*Exercise description:*
Calculate how many lines of the data hold "Leather". The answer consists of that number only.

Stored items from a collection
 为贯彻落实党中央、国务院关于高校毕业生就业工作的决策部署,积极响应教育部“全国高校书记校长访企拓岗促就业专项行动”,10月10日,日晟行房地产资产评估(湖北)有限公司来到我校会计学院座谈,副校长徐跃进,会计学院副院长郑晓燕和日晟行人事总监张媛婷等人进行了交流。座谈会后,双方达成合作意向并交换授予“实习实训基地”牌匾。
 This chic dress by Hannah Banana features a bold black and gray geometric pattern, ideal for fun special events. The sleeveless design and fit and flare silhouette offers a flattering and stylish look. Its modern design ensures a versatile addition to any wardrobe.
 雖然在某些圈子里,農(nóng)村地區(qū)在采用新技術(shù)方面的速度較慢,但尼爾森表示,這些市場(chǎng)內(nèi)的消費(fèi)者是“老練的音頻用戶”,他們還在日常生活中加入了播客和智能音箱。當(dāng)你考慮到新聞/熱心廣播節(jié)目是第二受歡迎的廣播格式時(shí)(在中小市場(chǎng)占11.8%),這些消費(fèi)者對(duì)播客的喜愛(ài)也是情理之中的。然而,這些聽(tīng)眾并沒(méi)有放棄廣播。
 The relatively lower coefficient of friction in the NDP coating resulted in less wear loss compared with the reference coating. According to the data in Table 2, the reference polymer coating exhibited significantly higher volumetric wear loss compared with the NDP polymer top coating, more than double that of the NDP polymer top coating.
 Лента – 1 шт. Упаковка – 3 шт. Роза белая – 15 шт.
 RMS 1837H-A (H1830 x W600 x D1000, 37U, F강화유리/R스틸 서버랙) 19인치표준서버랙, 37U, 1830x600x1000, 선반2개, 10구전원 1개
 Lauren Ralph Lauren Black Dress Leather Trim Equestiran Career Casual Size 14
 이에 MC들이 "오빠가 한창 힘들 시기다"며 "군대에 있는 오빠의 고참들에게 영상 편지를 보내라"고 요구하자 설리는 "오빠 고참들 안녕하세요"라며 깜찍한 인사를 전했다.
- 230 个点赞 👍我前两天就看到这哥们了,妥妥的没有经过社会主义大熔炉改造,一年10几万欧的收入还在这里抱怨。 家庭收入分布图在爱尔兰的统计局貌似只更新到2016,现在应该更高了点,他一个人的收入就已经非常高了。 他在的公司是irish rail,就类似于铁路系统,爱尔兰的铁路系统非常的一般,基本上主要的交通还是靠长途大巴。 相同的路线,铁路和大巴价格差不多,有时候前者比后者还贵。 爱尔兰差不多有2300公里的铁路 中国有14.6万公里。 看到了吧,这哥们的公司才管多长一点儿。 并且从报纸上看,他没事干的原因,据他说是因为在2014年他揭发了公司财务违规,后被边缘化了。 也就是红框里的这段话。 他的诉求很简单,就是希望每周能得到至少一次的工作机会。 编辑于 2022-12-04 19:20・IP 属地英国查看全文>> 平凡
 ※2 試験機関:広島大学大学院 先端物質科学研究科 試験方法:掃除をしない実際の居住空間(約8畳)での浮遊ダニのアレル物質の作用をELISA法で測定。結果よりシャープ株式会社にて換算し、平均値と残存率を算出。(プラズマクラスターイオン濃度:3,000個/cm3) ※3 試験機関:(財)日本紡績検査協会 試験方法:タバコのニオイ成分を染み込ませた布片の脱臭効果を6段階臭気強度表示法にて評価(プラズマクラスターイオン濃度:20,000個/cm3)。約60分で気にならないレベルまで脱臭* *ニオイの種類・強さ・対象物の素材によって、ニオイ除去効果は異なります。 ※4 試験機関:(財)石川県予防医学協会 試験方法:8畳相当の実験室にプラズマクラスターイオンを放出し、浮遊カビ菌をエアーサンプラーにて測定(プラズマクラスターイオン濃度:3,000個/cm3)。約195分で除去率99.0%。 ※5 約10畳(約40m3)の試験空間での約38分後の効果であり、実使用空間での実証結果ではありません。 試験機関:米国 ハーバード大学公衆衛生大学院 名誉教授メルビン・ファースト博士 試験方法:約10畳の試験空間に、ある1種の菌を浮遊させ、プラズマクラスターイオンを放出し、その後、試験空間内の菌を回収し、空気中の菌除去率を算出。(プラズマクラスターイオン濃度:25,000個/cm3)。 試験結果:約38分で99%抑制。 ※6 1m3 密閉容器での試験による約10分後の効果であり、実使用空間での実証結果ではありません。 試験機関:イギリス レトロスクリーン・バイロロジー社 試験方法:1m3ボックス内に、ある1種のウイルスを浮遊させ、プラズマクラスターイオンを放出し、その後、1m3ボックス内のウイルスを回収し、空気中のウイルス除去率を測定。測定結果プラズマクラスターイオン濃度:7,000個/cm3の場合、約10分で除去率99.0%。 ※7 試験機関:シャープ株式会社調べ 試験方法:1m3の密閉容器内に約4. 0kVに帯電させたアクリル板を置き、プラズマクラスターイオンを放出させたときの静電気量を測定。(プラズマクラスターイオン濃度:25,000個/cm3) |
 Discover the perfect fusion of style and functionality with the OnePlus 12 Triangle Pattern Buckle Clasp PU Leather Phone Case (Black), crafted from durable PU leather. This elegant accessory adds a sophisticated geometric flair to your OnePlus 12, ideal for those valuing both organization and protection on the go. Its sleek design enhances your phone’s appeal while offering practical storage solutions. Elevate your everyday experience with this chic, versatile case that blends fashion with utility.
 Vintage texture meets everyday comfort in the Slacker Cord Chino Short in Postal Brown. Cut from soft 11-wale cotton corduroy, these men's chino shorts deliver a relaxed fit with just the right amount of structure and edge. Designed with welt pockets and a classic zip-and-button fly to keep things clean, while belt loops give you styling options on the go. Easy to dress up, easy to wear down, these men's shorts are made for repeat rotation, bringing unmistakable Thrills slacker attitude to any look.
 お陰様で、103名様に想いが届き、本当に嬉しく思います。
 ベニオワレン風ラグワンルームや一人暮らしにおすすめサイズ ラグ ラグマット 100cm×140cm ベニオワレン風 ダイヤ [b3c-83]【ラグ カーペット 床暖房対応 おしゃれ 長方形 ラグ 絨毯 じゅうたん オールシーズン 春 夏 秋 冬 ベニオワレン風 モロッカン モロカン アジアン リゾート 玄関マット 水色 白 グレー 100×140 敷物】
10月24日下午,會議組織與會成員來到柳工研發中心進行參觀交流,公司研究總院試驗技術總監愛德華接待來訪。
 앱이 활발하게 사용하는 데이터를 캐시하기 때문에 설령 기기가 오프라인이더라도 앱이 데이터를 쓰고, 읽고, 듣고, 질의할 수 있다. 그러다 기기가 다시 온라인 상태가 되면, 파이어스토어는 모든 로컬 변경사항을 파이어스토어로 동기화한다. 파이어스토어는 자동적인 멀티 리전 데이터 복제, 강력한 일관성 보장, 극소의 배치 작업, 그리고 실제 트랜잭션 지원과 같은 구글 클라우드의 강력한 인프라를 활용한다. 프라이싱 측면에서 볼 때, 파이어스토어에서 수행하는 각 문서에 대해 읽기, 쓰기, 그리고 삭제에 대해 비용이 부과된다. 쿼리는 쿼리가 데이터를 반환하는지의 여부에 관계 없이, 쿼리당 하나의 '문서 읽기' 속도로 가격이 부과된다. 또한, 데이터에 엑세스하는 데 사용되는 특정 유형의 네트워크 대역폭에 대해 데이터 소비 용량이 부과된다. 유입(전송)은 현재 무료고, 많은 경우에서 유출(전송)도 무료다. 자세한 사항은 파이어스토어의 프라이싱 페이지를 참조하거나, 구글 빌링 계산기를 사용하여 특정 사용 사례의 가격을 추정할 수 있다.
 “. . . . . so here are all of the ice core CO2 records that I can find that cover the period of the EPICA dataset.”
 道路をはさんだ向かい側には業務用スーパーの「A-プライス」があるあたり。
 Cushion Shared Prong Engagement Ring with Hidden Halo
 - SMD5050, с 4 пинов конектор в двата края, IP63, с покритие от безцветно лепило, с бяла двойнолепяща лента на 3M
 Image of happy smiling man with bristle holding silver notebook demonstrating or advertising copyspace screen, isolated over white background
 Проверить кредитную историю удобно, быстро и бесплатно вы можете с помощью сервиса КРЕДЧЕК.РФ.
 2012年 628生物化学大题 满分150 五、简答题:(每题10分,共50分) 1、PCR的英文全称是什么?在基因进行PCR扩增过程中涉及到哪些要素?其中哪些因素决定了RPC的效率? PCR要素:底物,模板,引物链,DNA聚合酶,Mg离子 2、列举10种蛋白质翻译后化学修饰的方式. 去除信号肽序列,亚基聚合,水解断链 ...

*Written solution:*
2